Motion made, and Question put, "That the Debate be now adjourned,"

The House divided:—Ayes 55; Noes 77: Majority 22.

Question again proposed, "That the word 'now' stand part of the Question."

MR. AYRTON

said, he thought that the fact that so many hon. Members were smarting under threats, was a reason for not going on with the Bill. He would characterize it as a most impracticable measure. If the Bill were confined to making the unsuccessful party pay costs, then perhaps no one would object to it; but that was the smallest portion of the Bill.

MR. CHILD

said, he should support the Bill, and would refer the Chancellor of the Exchequer to the Report of the Committee on the city of Durham election, of which the late Sir R. F. Lewis was Chairman, calling the attention of the House to the abuse of the right of petitioning against the return of Members.

MR. RIDLEY moved the adjournment of the House.

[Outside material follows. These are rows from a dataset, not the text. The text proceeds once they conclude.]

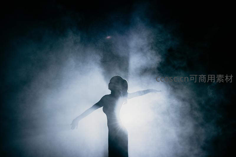 在幽蓝冷光与缭绕烟雾中,舞者身姿轻盈舒展,宛如仙境中的精灵,充满神秘与诗意的视觉冲击。
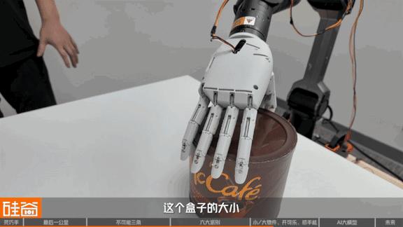 因为这个盒子几乎和机器人的手一样大,因此必须非常精准地去抓住它。基本上这种情况下,你只能用指尖来施力,也就是靠机器手最后一节关节来提供力量。所以对于机械手来说,这样的抓取就变得相当棘手。这个盒子的大小,已经是人手大小能够抓的最接近的尺寸了。手的大小对于人类来说是限制,对于机器人灵巧手来说也是。但是你可以看到我们的灵巧手,对于处理这种接近它手大小极限的物体的时候也是没有问题的。
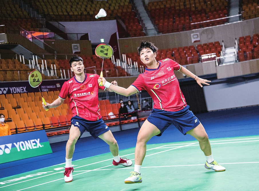 ▲4月16日,王懿律/黄东萍(右)在比赛中。

THE CHANCELLOR OF THE EXCHEQUER

said, it would be inconvenient, on account of the other orders, to adjourn the House, but he hoped that the debate, in which several hon. Gentlemen wished to take part, would be postponed till a more fitting occasion.

MR. HORSMAN

said, the general understanding was that opposed Bills should not be taken after midnight; it was now nearly 2 o'clock, and Mr. Speaker would have to take the chair at 12 o'clock for the morning sitting.

VISCOUNT GALWAY

said, that the hon. Member for Staffordshire had stated early in the evening that he would proceed with the second reading that night, early or late; and no objection had been taken to that arrangement. It seemed as though the Government were afraid of being put in a minority; and hence this very unfair attempt again to adjourn the debate.

MR. NEWDEGATE

pointed out that private Members had no other time except these late hours to bring forward their Bills.

MR. ALCOCK

said, he wished, as an earnest of his strenuous support of the Bill, to announce his intention of moving in Committee that a sum of £200 should in every case be deposited by agents as a pledge for good faith.

LORD CLAUD HAMILTON

said, that the Bill did not emanate from one side of the House only. Its real author was the senior Member for Finsbury (Mr. Duncombe).

Motion made, and Question "That this House do now adjourn "put, and negatived.

THE SOLICITOR GENERAL

said, he desired to state his objections to the Bill, and to deny that there was any analogy between the provisions of this measure and ordinary legal proceedings. There was no instance at equity in which a legal proceeding merely requiring an answer was required to be verified by affidavit. It was only when some judicial step was to be taken that such a process occurred.

MR. NAPIER

said, a petition against a return was in the nature of an indictment, and the petitioner ought therefore to be compelled to verify his statement on oath.

MR. WYLD

observed, that he had reason to complain of the loose state of the law on this subject. A person presented a petition against his return, but shortly afterwards withdrew it, having first had the confidence to state that his only object was to use the Parliamentary petition machinery as a means of advertising himself as a boot and shoe-maker.

Question, "That the word 'now' stand part of the Question," put, and agreed to.

Main Question put, and agreed to.

Bill read 2°, and committed for Friday.

House adjourned at a quarter after Two o'clock.